Just been catching up on Gabby Logan's BBC doc 'Sexism in Football?', a diverting titbit totally ruined by use of Eva Cassidy's ubiquitous and winsome version of 'Somewhere Over The Rainbow' in the closing minutes. Urgh!

It's really interesting seeing what sort of women are about behind the scenes in football, from the journos (my favourite is The Guardian's Marina Hyde, not interviewed, who wrote brilliantly about the last World Cup) to the executives on the boards of UEFA and the FA. And shocking to hear some of the stories, often from the uncomfortably recent past, about women being taunted or excluded. Funny how it can still be difficult for some of the more neanderthalic chaps to see ladies doing important things in football, you know, what with them not having bollocks and having never played the game professionally. What, just like all you pie-gobbling belly-wobblers, who must imagine yourselves galloping onto the pitch tossing your expensively-coiffed manes, doing that Peter Crouch wonder-goal with your eyes closed and your hands tied behind your backs game after game? And, as ex-WWFC manager Lawrie Sanchez (not looking quite as dashing as I remember and then some: I was wearing sky blue-tinted goggles in 2001) said, there are plenty of professional managers, Wenger et al, who have never played football professionally. So there. It strikes me that as the audience - both through the turnstiles and at home on the sofa - becomes more womanly, it makes sense that ladies are visible in the working world of football world. And anyway, Gabby is by far and away the best MOTD presenter going: I'd take her over Smug Gary and Cardigan Colin any time (though I would then miss Colin drawling 'Hwerlves' for the hapless bottom-feeders of the Prem most Sunday nights...).

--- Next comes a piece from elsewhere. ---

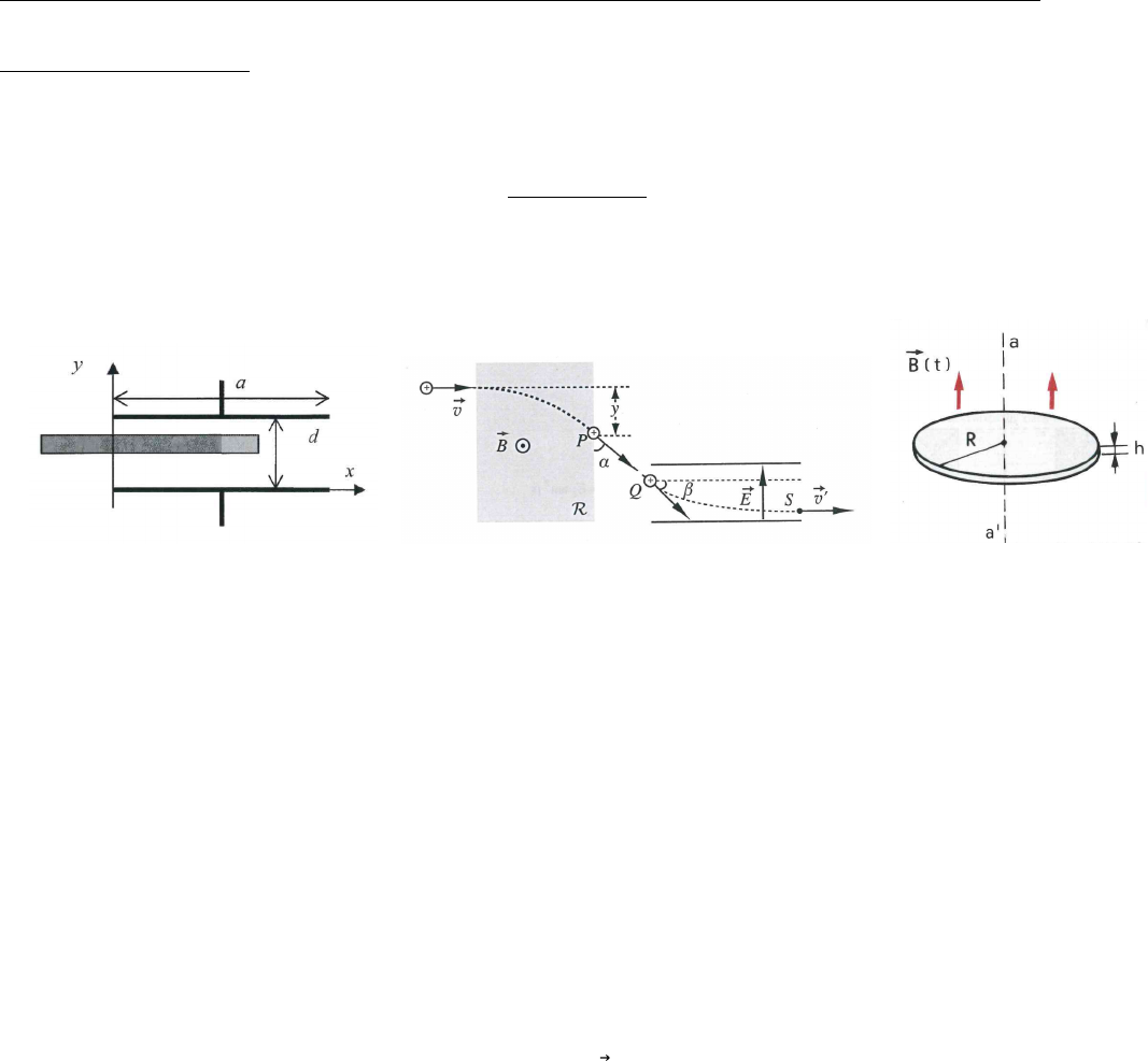 Università di Trieste, A.A. 2022/2023 – Laurea Triennale in Fisica Elettromagnetismo, Prova Scritta Secondo Appello Sessione Estiva (18.07.2023) Cognome ............................................. Nome ........................................ Accetto la valutazione ottenuta nella [ ] prima o nella [ ] seconda prova intermedia. Istruzioni per gli esercizi: Per ciascuna domanda rispondere fornendo solo il risultato finale: i principali passaggi logici per la soluzione del problema, la grandezza incognita espressa simbolicamente in funzione delle grandezze date o di quelle ottenute in altre risposte, e poi il corrispondente risultato numerico con le unità di misura appropriate. Verranno valutati sia il procedimento logico (argomentato) che il risultato numerico, ove richiesto. Ogni esercizio comporta una o più domande per un totale di 8 punti a disposizione per esercizio. Verrà valutata anche l’argomentazione fornita a supporto dell’esercizio e la presentazione dello stesso. Fig. 1 Fig. 2 Fig. 3 1. In un punto distante rP = 2.0 cm dal centro di una sfera isolante, uniformemente carica e di raggio R = 5.0 cm, il potenziale elettrostatico vale V(rP) = 30 V. Determinare la densità volumica di carica presente nella sfera isolante e il potenziale V(O) all’origine della sfera stessa. 2. Una piastra di rame di spessore b = 2.0 mm viene inserita (come in Figura 1) all’interno di un condensatore a piani paralleli, distanti d = 3.0 mm. Le armature e la piastra sono di forma quadrata, di lato a = 5.0 cm. Calcolare la capacità del sistema in funzione del tratto (di lunghezza x) del lato della piastra inserito nel condensatore. Determinare infine l’energia elettrostatica del sistema in funzione di x nei casi in cui a) sia mantenuta costante la carica q = 10 nC deposta sui piani del condensatore e b) sia mantenuta costante la differenza di potenziale ΔV al valore assunto dal condensatore quando si posiziona la medesima carica q senza aver inserito ancora la lastra metallica. 3. Un protone (mP = 1,67 ·∙ 10–27 kg ) entra con velocità 𝑣 orizzontale in una regione R piana in cui agisce un campo magnetico uniforme di modulo B = 10 mT perpendicolare al piano e uscente da esso (Figura 2). Il protone esce dalla regione R in un punto P dopo essere stato deflesso di un angolo α = 30°, a distanza y = 50 cm dall’orizzontale. Esso entra quindi nel punto Q, con inclinazione β = 60°, in un’altra regione dove agisce un campo elettrostatico di modulo E = 100 kV/m diretto verso l’altro uscendone nel punto S con velocità v’ diretta come l’asse x. Calcolare la velocità iniziale v, la velocità finale v’ e il tempo impiegato a percorrere la traiettoria da Q a S (Figura 2). 4. All’interno di un campo magnetico uniforme diretto verso l’alto è posto un disco di rame di raggio R = 20 cm ed altezza h = 1 cm, il cui asse coincide con la direzione del campo magnetico (Figura 3). Il modulo del campo magnetico varia nel tempo secondo la legge B = kt, con k costante di valore k = 0.1 T/s. Sapendo che la resistività del rame è ρ = 1.7 ·∙ 10–8 Ωm, calcolare la potenza dissipata nel disco per mezzo delle correnti che vi si generano.

'What's wrong with being sexy?' As Spinal Tap's Nigel Tufnell innocently protested upon shock at the original Smell The Glove album cover, I think I should start a new campaign to help redress the balance: for More Sexiness in Football. Not of the female kind, obviously - thank goodness Wycombe have dissolved their ghastly cheerleader halftime show. Shudder. And not Ruud Gullit's kind either. My campaign will have a five-point agenda:

1) A return to buttock-skimmingly short shorts, eg of the '80s variety:
2) More rockabilly haircuts and uber-stylish, anti-high street photoshoots in magazines that you can only buy in the ICA:
3) Goal celebrations that turn into full-on snogs and quite possibly heavy petting:
4) Footballers being seen doing more stuff like this:
5) Less of this (FYI, this is NOT sexy and NEVER will be):
The campaign starts here! I expect to be fronting a serious documentary for the Beeb VERY soon.